しかし、この「文言」の下ではどうなるでしょうか。

もし、ある部員がチームメイトの違反行為を見つけたとします。 「これを監督に報告した瞬間、チームの全国大会出場(10兆円の支援)が消滅する」 そう考えたとき、その発見者は「歴史的な戦犯」としての十字架を背負う恐怖に駆られるのではないでしょうか。

その結果、組織の隅々にまで「この1年だけは波風を立てるな」という強烈な無言の圧力がかかります。本来なら報告され、小さなうちに摘み取られるべき問題の芽が握りつぶされ、かえって隠蔽体質を助長してしまう……。 皮肉なことに、「ガバナンス(統治)」を強化するための条件が、かえって健全なガバナンスを阻害してしまう恐れがあるのです。

国際卓越研究大学と東京大学丨「強いチーム」とは、ミスをしないチームではない

もちろん、不祥事を起こさないことがベストであることは論を俟ちません。 しかし、企業のガバナンスの観点から言えば、以下のような設計の方が、より建設的だったのではないかと個人的には感じています。

  • × 不祥事が発生したら、即座に審査打ち切り(試合終了)
  • 〇 不祥事が発覚した際に、「自律的に、かつ妥当な形で解決されなかった場合」に限り、審査を打ち切る

「自律と責任」を求めながら、実質的には「無謬(むびゅう:間違いがないこと)」を強いている現状は、現場の萎縮を招くだけではないかと危惧してやみません。

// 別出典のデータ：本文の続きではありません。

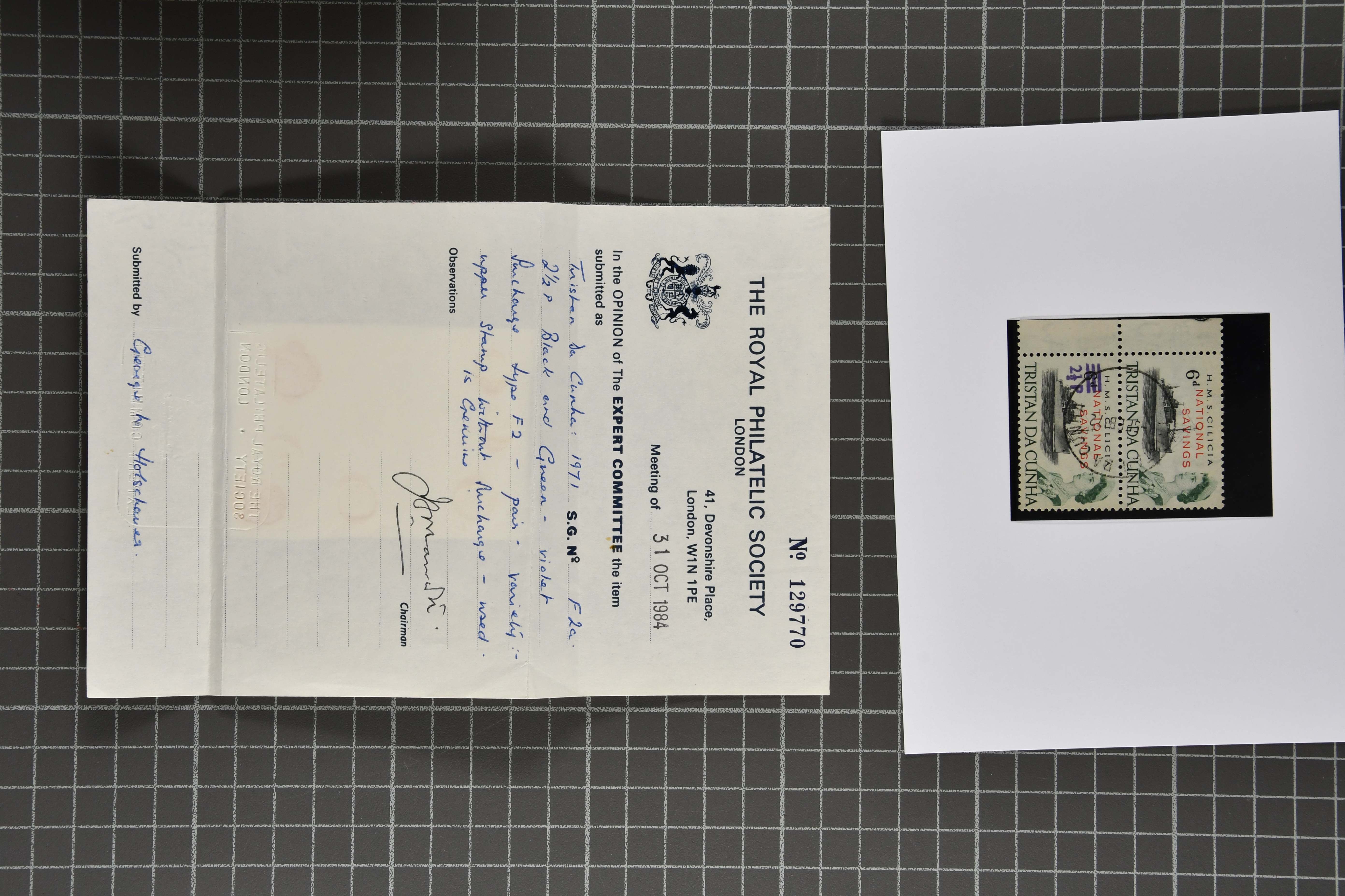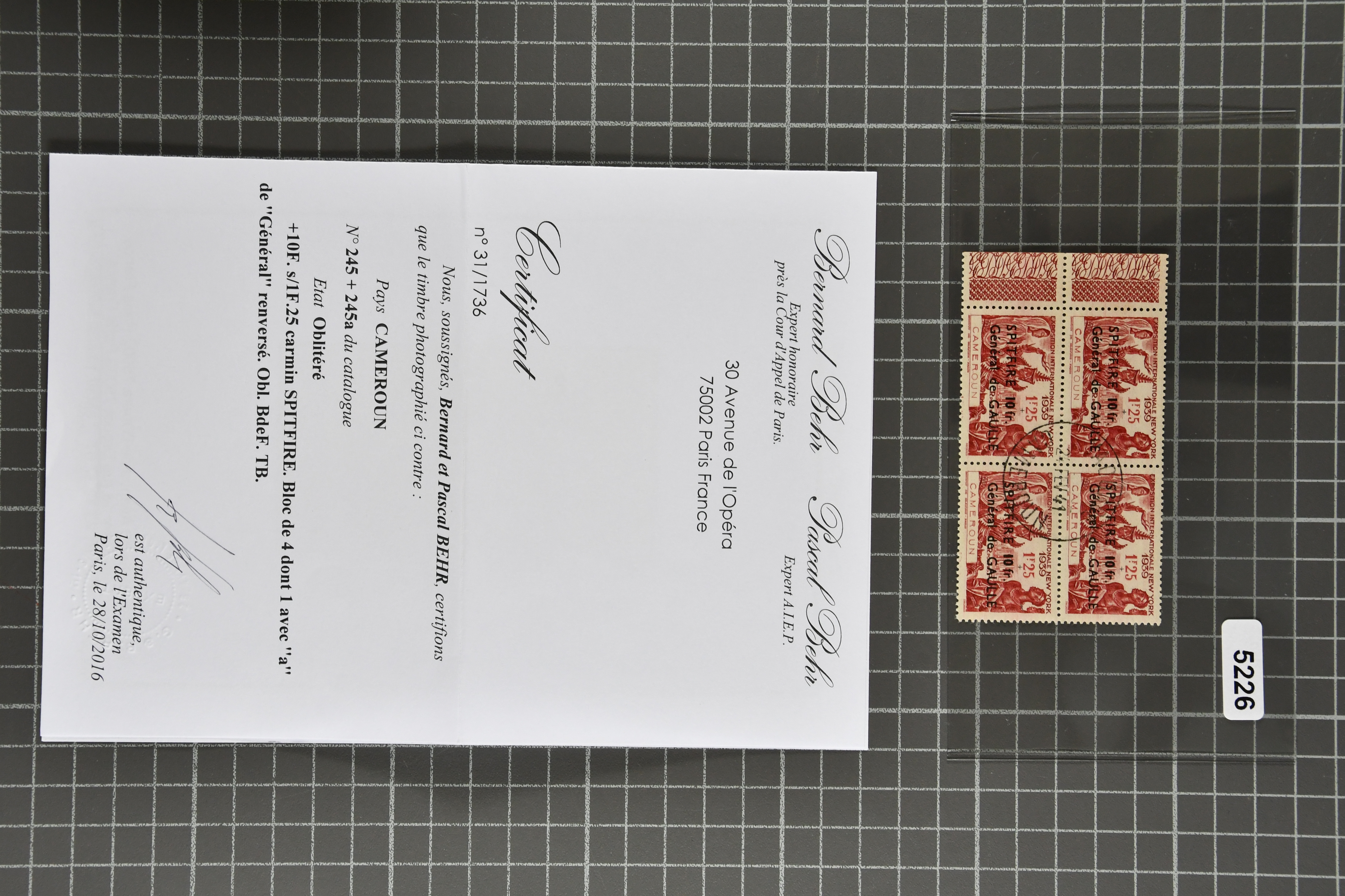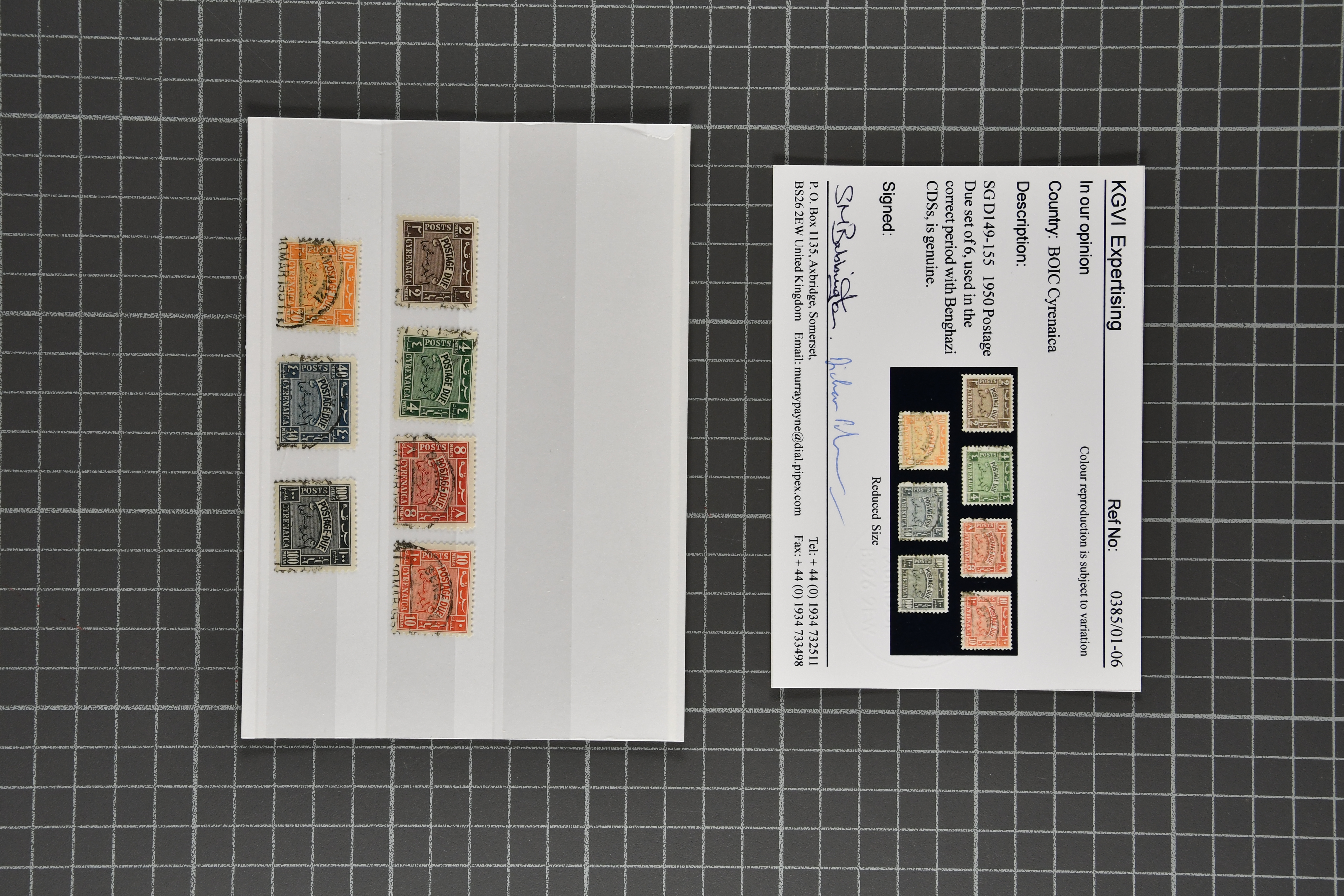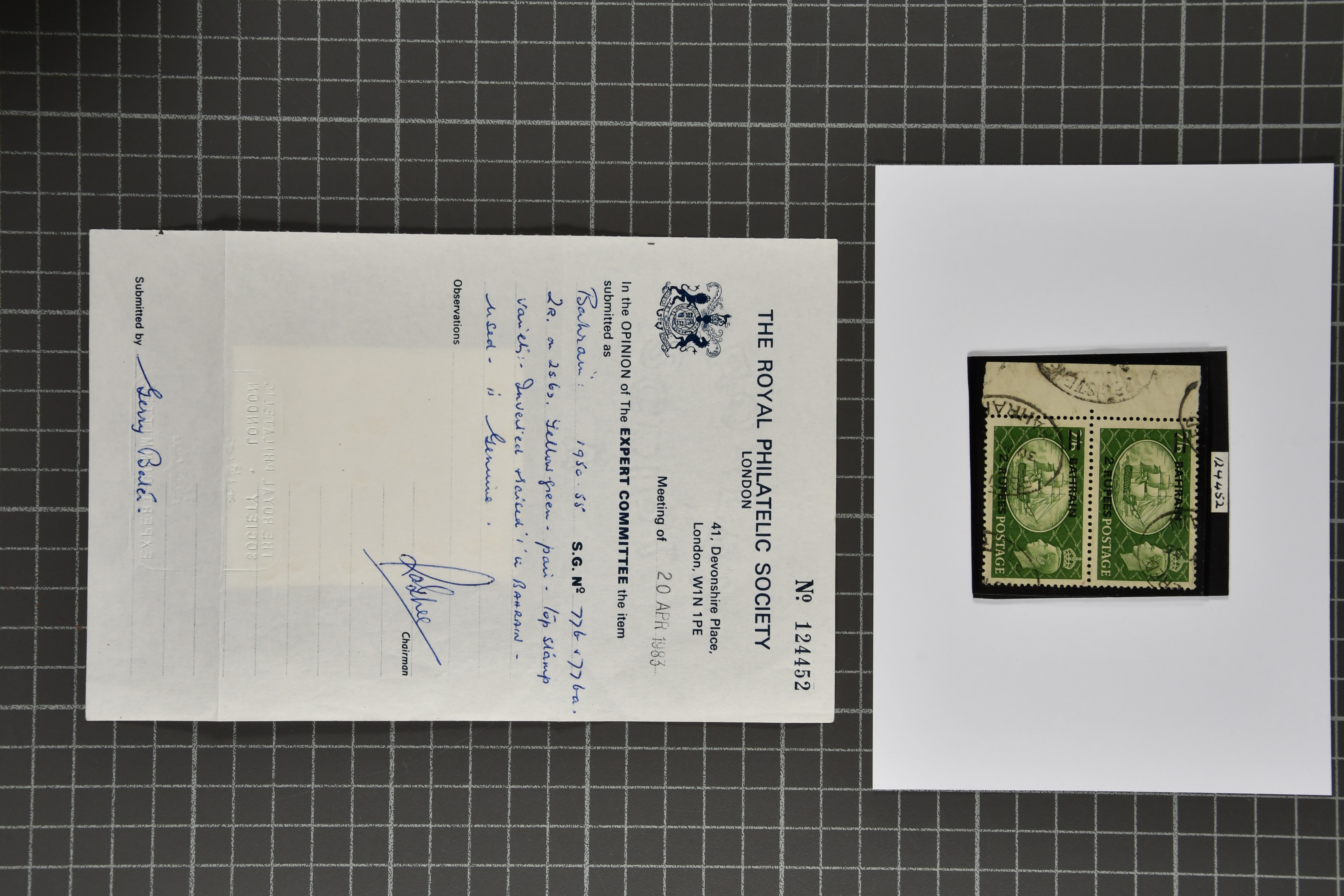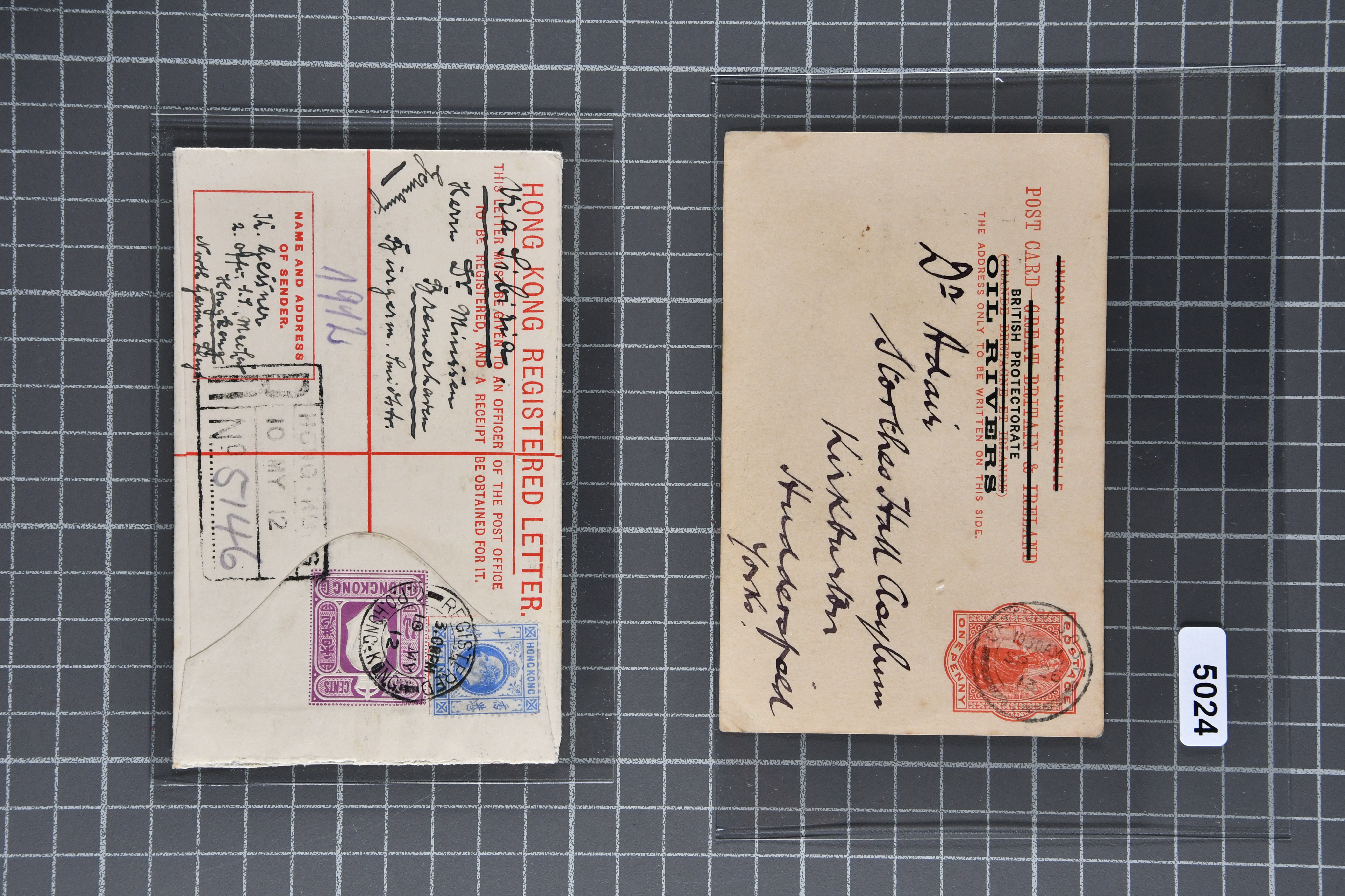 590 **/*/cover/(*) image1892-1971: An attractive group of 8 items several with certs. comprising: Niger Coast Protectorate 1892 1 d. vermilion postal stationery card used 1913 in GB with fascinating message; France 1941 “Spitfire/De Gaulle” block of 4 with “a of Général inverted” (cert. Behr); Bahrain 1955 2 r. on 2 s. 6 d. pair with surcharge varieties (cert. RPSL); GB 1971 Cilicia 2½ p. on 6 d. pair with surcharge omitted (cert. RPSL); Tonga 1937 Coronation 7 c. ultramarine, perf. 13, fine used (cert. RPSL, Gi £800); Cyprus 1938–52 5 s. reddish lilac & blue on striated chalk-surfaced paper (cert. BPA, Gi £ 750); Cyrenaica 1950 Postage Dues complete set of 7 (cert. KGVI, Gi £ 1,000); and Hong Kong 1907 registered envelope uprated to Germany 1912. The odd fault or imperfection, otherwise in the main fine. A varied assembly of scarce items and varieties, ideal for the specialist (Image 1) (Image 2) (Image 3) (Image 4) (Image 5) (Image 6) (Image 7) (Image 8)

本当に強いバスケットボールチームとは、一度もミスをしないチームではなく、ミスが起きたときに、全員でそれを正し、立て直す力を持っているチームのはずです。

この厳しい「延長戦」の1年間に、この文言が与える影響を、誤解があれば恐縮ですが、もう少し考える余地があったのではないかと考えております。

※本記事は個人の見解であり、所属する組織の公式な見解ではありません。